Netlinx can connect to itself if I do an IP_CLIENT_OPEN along with an IP_SERVER_OPEN. The loopback works fine except as I noted originally, it’s only a 1 way conversation where the SERVER can hear the CLIENT (which is what I would expect) but the data does indeed get looped back.
One thing I noticed is I get the following runtime errors when I try to send data if I do an IP_CLIENT_OPEN with UDP 2WAY and use the broadcast IP. In my case 192.168.1.255
Line 1 :: SendString to socket-unknown sendto error 0x0 - 23:37:43
Line 2 :: CIpEvent::OnError 0:4:10 - 23:37:43
If I do an IP_CLEINT_OPEN with IP_UDP sans the 2WAY, then the broadcast IP works perfectly. I can send one message with Netlinx and every IP device I have on the network listening on that port receives the message. (The one to many paradigm that UDP offers is a real strength vs. the one to one with TCP)
At this point, I have no idea why I can’t get the 2WAY to work with my NI-700.
In my best Vinnie Barbarino voice – ‘I’m so confused!’
I don’t know about that. I do know the TCP loopback works fine
Do you mean send UDP to a spare master? I can’t do that at the moment but I have tried the 2WAY to talk with PCs on my network that have UDP broadcast and UDP listen apps running on them.

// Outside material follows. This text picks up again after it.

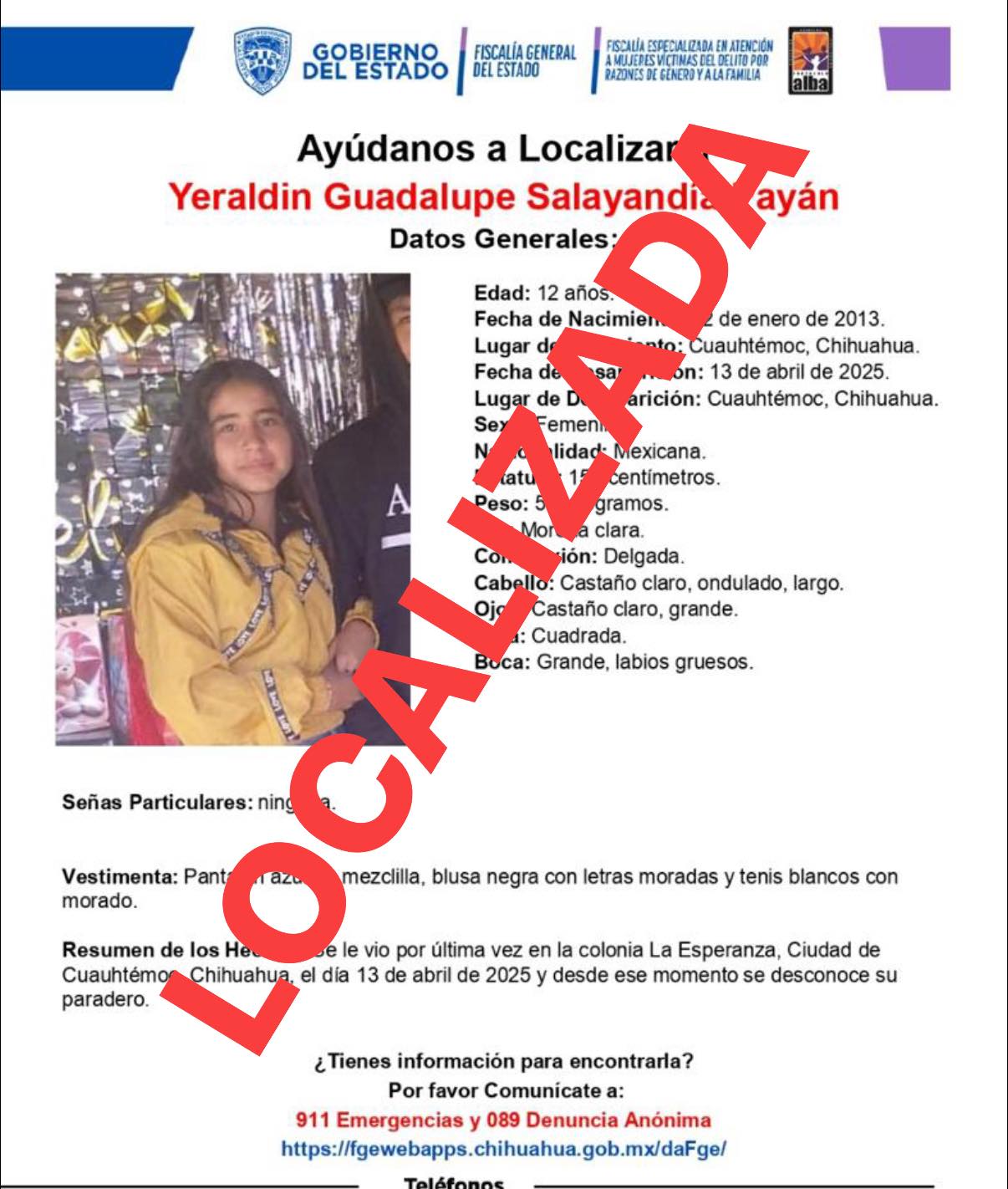 Los elementos de la Agencia Estatal de Investigación adscritos a la Unidad de Investigación de Niñas, Adolescentes y Mujeres Ausentes, encontraron a la menor de 12 años de edad, en la colonia Ex Agrícola San Antonio, en la ciudad de Cuauhtémoc.

Put a WAIT 300 in front of the ONLINE: SEND_STRING 0s that you posted. That will give you enough time to open the diag window after a reboot. The ONLINE events are triggering. There just triggering before you can get in to see them.

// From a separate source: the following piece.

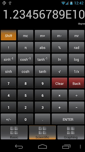 - buttons like ln, sqrt, log, 1/x, sinh, sinh-1, cosh, cosh-1, tanh, tanh-1

As far as the rest, I’m clueless. I can’t get the 2WAY to work like dchristo has.
Joe Wrote: Do you have to use the boradcast to get loopback to work? That make mores sense than using the same IP but will the same IP work like 192.168.1.104 or what ever your master is?
Yes, by spare I meant another master but if the loopback works why bother
Netlinx can talk to itself via its own IP or with the broadcast IP but only if I do an IP_CLIENT_OPEN along with an IP_SERVER_OPEN. There is no scenario where the IP_CLIENT_OPEN with IP_UDP_2WAY works for me. I?m not going to lose any sleep over it since I can always do an IP_CLIENT_OPEN and an IP_SERVER_OPEN but I would like to know why I can?t get the 2WAY to work when others can. I don?t know if it?s just an NI-700 DUET thing or just a me stupid thing.

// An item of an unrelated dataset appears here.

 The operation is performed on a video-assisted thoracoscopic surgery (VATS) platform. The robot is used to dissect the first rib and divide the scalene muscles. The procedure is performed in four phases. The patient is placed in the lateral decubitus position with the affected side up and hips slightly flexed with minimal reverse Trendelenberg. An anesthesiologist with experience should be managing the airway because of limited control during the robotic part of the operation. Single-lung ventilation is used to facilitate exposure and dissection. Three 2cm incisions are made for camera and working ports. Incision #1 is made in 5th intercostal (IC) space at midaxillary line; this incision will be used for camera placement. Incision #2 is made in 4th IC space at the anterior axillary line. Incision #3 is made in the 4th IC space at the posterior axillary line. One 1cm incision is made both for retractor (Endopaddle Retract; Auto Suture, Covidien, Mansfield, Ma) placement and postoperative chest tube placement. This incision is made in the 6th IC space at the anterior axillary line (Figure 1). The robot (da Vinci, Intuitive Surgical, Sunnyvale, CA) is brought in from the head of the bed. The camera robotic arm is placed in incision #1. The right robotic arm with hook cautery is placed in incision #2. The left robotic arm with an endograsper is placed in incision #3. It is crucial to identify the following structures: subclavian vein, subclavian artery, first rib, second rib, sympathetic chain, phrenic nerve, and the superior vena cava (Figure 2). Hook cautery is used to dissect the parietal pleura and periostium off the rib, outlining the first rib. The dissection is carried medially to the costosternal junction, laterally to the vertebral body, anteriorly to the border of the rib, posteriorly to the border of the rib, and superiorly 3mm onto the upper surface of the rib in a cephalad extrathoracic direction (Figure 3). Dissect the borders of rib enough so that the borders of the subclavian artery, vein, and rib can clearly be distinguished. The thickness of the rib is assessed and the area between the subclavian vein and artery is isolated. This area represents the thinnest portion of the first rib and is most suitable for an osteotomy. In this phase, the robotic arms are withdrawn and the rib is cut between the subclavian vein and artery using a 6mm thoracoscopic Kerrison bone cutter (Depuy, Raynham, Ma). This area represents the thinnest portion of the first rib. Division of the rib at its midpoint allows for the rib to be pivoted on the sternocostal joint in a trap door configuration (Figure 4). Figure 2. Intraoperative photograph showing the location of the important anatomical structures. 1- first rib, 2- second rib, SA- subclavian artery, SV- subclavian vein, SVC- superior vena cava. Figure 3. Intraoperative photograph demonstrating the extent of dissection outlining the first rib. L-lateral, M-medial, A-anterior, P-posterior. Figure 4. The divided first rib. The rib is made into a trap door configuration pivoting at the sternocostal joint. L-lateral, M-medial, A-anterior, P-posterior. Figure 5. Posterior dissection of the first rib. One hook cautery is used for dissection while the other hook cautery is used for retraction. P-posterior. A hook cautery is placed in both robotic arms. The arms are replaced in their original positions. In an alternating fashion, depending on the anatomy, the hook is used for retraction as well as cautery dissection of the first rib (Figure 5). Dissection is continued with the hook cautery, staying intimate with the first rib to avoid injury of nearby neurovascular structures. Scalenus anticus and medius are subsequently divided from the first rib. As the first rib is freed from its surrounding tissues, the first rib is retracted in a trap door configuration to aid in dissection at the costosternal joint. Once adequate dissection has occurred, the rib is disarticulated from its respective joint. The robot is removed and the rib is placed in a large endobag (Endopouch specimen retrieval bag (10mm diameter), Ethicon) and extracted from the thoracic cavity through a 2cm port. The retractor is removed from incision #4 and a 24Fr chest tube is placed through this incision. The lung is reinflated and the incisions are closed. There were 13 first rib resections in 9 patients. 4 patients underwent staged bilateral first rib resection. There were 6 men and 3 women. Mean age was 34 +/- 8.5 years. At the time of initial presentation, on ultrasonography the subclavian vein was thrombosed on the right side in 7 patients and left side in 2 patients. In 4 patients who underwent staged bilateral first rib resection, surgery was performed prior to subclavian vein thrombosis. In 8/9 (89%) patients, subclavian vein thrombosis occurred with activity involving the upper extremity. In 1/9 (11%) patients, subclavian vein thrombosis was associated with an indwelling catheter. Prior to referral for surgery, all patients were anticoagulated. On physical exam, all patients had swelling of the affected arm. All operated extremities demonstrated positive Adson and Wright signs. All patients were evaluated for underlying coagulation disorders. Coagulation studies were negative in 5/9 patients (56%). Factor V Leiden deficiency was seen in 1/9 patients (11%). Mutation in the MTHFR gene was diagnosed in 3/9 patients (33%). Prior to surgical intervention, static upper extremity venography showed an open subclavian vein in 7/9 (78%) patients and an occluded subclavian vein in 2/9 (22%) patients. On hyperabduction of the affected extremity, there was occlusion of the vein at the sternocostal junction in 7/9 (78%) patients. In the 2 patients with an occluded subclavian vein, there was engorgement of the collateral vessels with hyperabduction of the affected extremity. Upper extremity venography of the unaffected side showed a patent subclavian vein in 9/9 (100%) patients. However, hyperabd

The reason you are not getting a loopback to work is because the IP_UDP_2WAY behaves differently than you expect. The 2WAY mode was designed to work with devices that interract in a specific way. Lets take a device that listens UDP on a specific port (say 10000) and when it responds, it responds to the IP and UDP Port that sent it the message. Many UDP devices work this way.
Let me walk you through the behavior.
IP_CLIENT_OPEN(dvUDPPort,'192.168.1.10',10000,IP_UDP_2WAY)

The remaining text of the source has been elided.